Significance levels: ‘-’ p value >0.1, ‘.’ p value <0.1, ‘∗’ p value <0.05, ‘∗∗’ p value <0.01, ‘∗∗∗’ p value <0.001. FC: fold change. Library (MS): identified with the in-house library based on m/z and retention time. Library (MS/MS): identified with the in-house library based on m/z, retention time and fragmentation pattern.

Negatively charged ion.

The selection of metabolites could predict the MS phenotypes of cohort 2

To evaluate the generalization power of these results, the model was used to predict the MS phenotypes of the patients in cohort 2. The predictions generated a receiver operating characteristic (ROC) curve with an AUC of 0.93, better than any of the single metabolic features in isolation (which AUC performances ranged between 0.50 and 0.87), Figure 1C and Table 3. A PCA was performed on these 15 metabolic features in cohort 2, revealing a statistically significant separation (R = 0.36, p value = 0.001) between the RRMS and PMS patients over PC1, Figure 1D. Similarly, as for cohort 1, there was a close to significant separation over age (R = 0.16, p value = 0.123), but not between sex (R = −0.030, p value = 0.668). Projections of the transitioning patients are shown in Figure S2 and loadings for PC1 and PC2 in Figure S3.

Conformal prediction provides confidence in individual patient predictions

To investigate how CP can supply individual patient predictions with estimates of their confidence, a CP model was built on the selected metabolic features in cohort 1 (see section Conformal Prediction in Methods for further details). The model was then used to evaluate all patients in the independent validation cohort 2, Figure 2. Using a significance threshold of 6%, the lowest significance level where the single-label predictions peak (Figure 2A), would enforce a 94% confidence in the predictions. At this significance level 88% of the patients were correctly classified — 83% with single-label predictions and 5% with double-label predictions (i.e., when the model cannot predict a single class, and assigns patients to both RRMS and PMS) and 12% were incorrectly classified with single-label predictions. The acquired accuracy (88%) thus diverged slightly from the expected 94% confidence level, which can be seen in the full calibration curves for all significance levels, Figure S4.

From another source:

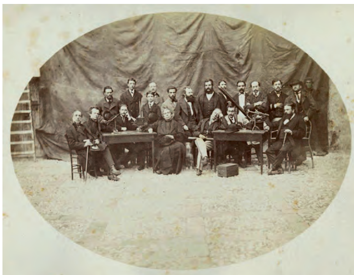
Fig. 7. Foto del personale della stazione astronomica allestita ad Augusta per l'eclisse del 1870

L'evento ebbe inoltre un modesto ma significativo impatto nell'opinione pubblica e vide la mobilitazione di un certo numero di volontari astrofili (rimane traccia di poco più di una quarantina di loro) che, debitamente istruiti, collaborarono a osservare il fenomeno in diverse stazioni siciliane, descrivendo e disegnando i risultati delle loro osservazioni. Si assistette pertanto, in questa circostanza, a un tentativo – inedito per la Sicilia – di portare l'astronomia fuori dai propri luoghi istituzionali, di cooptare i cittadini più colti nell'attività di ricerca, invitandoli e stimolandoli alla collaborazione, coinvolgendo il territorio e le istituzioni locali – in definitiva, di rendere accessibile l'astronomia anche ai non specialisti.

Conformal prediction performed on the extracted biochemical signature

The model was trained on cohort 1.

(A) The label distribution of empty, single, and double-label predictions at various significance levels, where the significance level, normally denoted ε, corresponds to 1-confidence. The peak in single-label predictions, i.e., where the conformal predictor generates the most single-label predictions, occurs at a 94% confidence level (6% significance). The corresponding calibration curve can be found in Figure S4.

(B) Conformal predictions of the RRMS (*blue circles*) and PMS (*red triangles*) patients from cohort 2.

(C) Conformal predictions of the eight transitioning patients (T1-T8) represented as *black stars*. Utilizing the significance threshold of 6% from (A), three of the transitioning patients are predicted as PMS with single-label predictions (T1-T3), four as RRMS with single-label predictions (T5-T8) and one patient (T4) would receive a double-label prediction, see Table S3 for further details.

Conformal predictions of transitioning patients

To investigate the biochemical signature in the eight transitioning patients, the same CP model was used to predict their MS phenotypes, Figure 2C. Utilizing the significance threshold of 6% derived from Figure 2A, three of the transitioning patients are predicted as PMS with single-label predictions (T1-T3). All three of these patients obtained high p values for the PMS phenotype while simultaneously acquiring a low p value for the RRMS phenotype. One patient (T4) would be predicted as both phenotypes (a double-label prediction), as it displayed p values higher than the threshold for both phenotypes. Finally, four of the transitioning patients would still be predicted as RRMS with single-label predictions (T5-T8), even though two of them (T5 and T6) received quite low (<0.20) RRMS p values. The exact conformal p values for the transitioning patients as well as their predicted phenotype can be found in Table S3.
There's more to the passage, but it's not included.